Try it:
Locate "活动伊始,王振超副校长致辞。" in the listing. Transcribe the line that contains it and every line that follows, through the last, omitting all pictures.

Provided material:

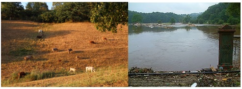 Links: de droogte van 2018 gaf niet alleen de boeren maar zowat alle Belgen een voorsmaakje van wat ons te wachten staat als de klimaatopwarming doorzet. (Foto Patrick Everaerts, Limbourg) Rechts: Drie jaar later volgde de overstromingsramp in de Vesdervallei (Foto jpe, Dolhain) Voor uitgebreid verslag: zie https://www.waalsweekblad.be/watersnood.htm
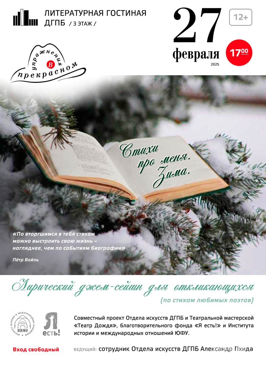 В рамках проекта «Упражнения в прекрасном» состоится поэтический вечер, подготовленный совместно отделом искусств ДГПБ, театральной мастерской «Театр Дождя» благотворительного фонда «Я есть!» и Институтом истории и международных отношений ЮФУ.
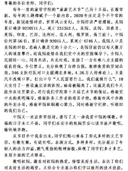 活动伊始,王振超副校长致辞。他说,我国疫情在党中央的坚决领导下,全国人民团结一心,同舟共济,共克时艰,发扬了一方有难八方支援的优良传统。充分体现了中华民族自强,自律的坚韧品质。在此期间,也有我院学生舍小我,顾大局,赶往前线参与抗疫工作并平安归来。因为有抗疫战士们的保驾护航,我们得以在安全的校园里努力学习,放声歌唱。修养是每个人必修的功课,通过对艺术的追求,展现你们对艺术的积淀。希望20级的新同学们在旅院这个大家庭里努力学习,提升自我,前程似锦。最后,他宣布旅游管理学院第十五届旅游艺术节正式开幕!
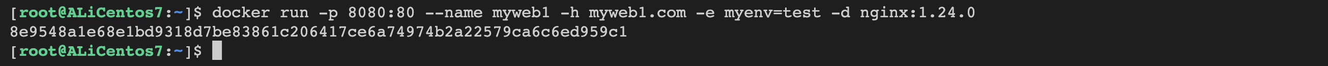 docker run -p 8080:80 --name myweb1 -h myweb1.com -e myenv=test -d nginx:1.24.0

Reply:
 活动伊始,王振超副校长致辞。他说,我国疫情在党中央的坚决领导下,全国人民团结一心,同舟共济,共克时艰,发扬了一方有难八方支援的优良传统。充分体现了中华民族自强,自律的坚韧品质。在此期间,也有我院学生舍小我,顾大局,赶往前线参与抗疫工作并平安归来。因为有抗疫战士们的保驾护航,我们得以在安全的校园里努力学习,放声歌唱。修养是每个人必修的功课,通过对艺术的追求,展现你们对艺术的积淀。希望20级的新同学们在旅院这个大家庭里努力学习,提升自我,前程似锦。最后,他宣布旅游管理学院第十五届旅游艺术节正式开幕!
 docker run -p 8080:80 --name myweb1 -h myweb1.com -e myenv=test -d nginx:1.24.0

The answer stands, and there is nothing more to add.